- DVD cover
- Genre: Superhero; Comedy;
- Written by: Craig J. Nevius
- Directed by: Jonathan Winfrey
- Starring: Joan Severance; Whip Hubley; Garrett Morris; Laura Harring;
- Music by: Kevin Kiner
- Country of origin: United States
- Original language: English

Production
- Executive producer: Lance H. Robbins
- Producer: Roger Corman
- Cinematography: Mark Kohl
- Editor: Louis F. Cioffi
- Running time: 85 minutes
- Production company: New Horizons Pictures

Original release
- Network: Showtime
- Release: May 13, 1997

Related
- Black Scorpion; Black Scorpion;

= Black Scorpion II =

1997 film

Black Scorpion II: Aftershock, also known as Black Scorpion II: Ground Zero, is a 1997 American superhero comedy television film directed by Jonathan Winfrey, written by Craig J. Nevius, and produced by Roger Corman. It is the sequel to Black Scorpion (1995), and stars Joan Severance, reprising her role as the titular crime-fighting superhero. It aired on Showtime on May 13, 1997.

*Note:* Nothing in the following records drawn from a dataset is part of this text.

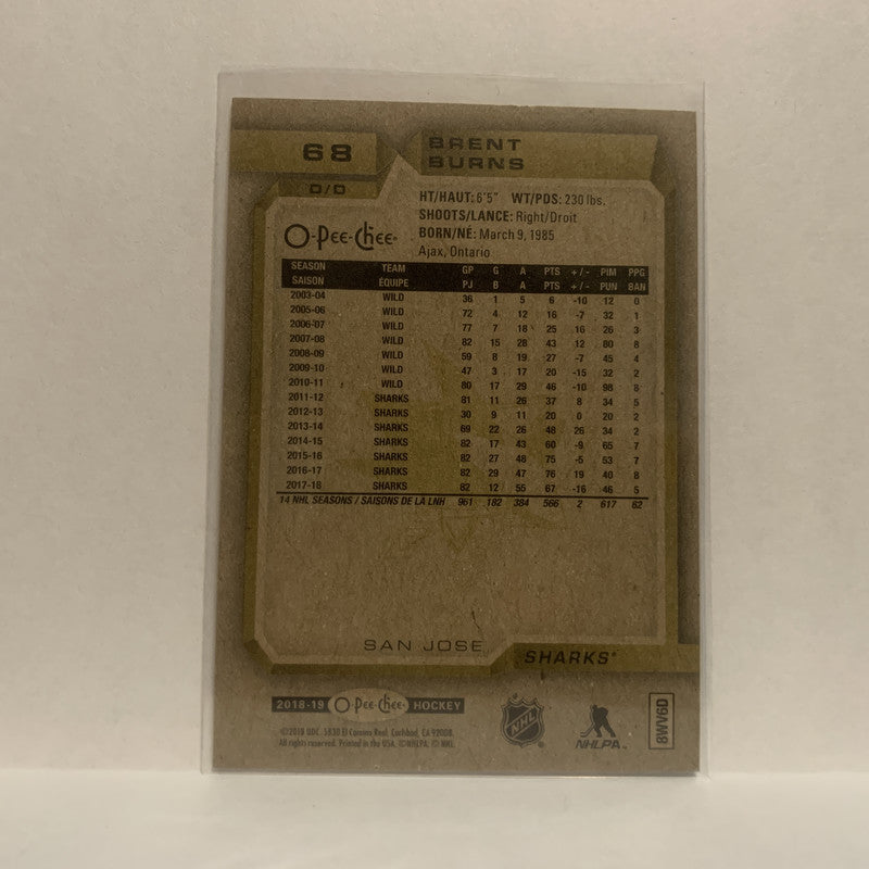#68 Brent Burns San Jose Sharks All Star 2018-19 O-Pee-Chee Hockey Card JM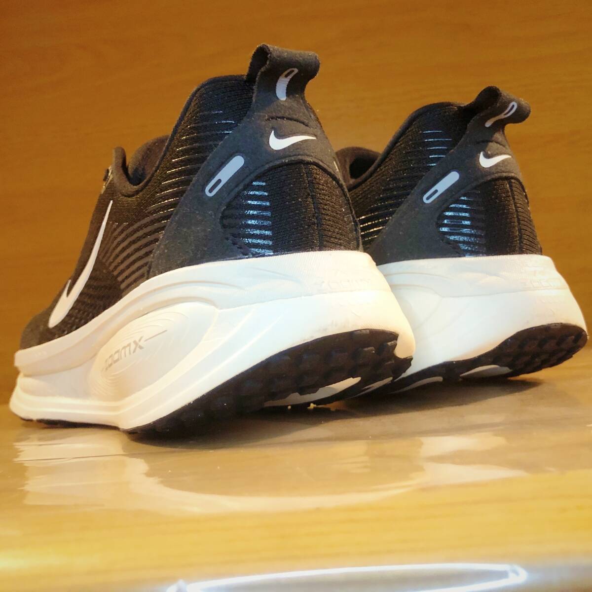 2層構造の作りで、上層には、反発弾性に優れるZoomX、下層には、安定感に富むReactXが使用され、ともにクッション性に優れています。2種類のソール素材の組み合わせが非常に良く、ふかふかのクッションで、足のダメージが少ないのに、しっかり反発が効いてペースも上げられます。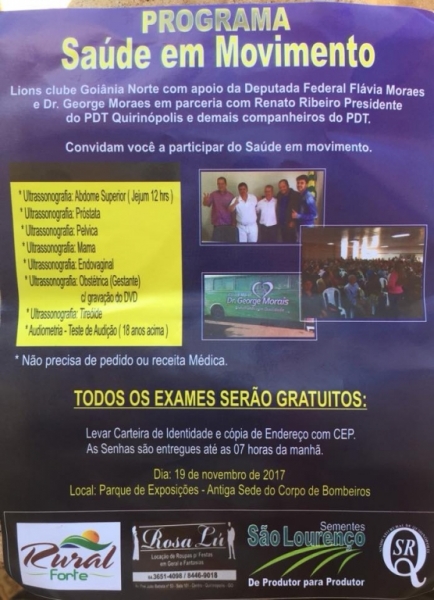 Dia 19 de novembro no parque de exposições – Antiga sede do corpo de bombeiros. Todos os exames serão gratuitos. Levar carteira de indenidade e cópia de endereço com CEP. As senhas serão entregues até as 7 horas da manhã. Exames: Ultrassonografias da mama.

Darcy Walker is a police detective in Angel City, a fictionalized version of Los Angeles. Her secret identity is the Black Scorpion, a comic book style vigilante. The Black Scorpion does not have any super powers but, like Batman, she fights for justice using a combination of martial arts and advanced technology, including her high-tech car, the Scorpionmobile. The film's exaggerated characters and unrealistic events are portrayed with a humorous camp aesthetic.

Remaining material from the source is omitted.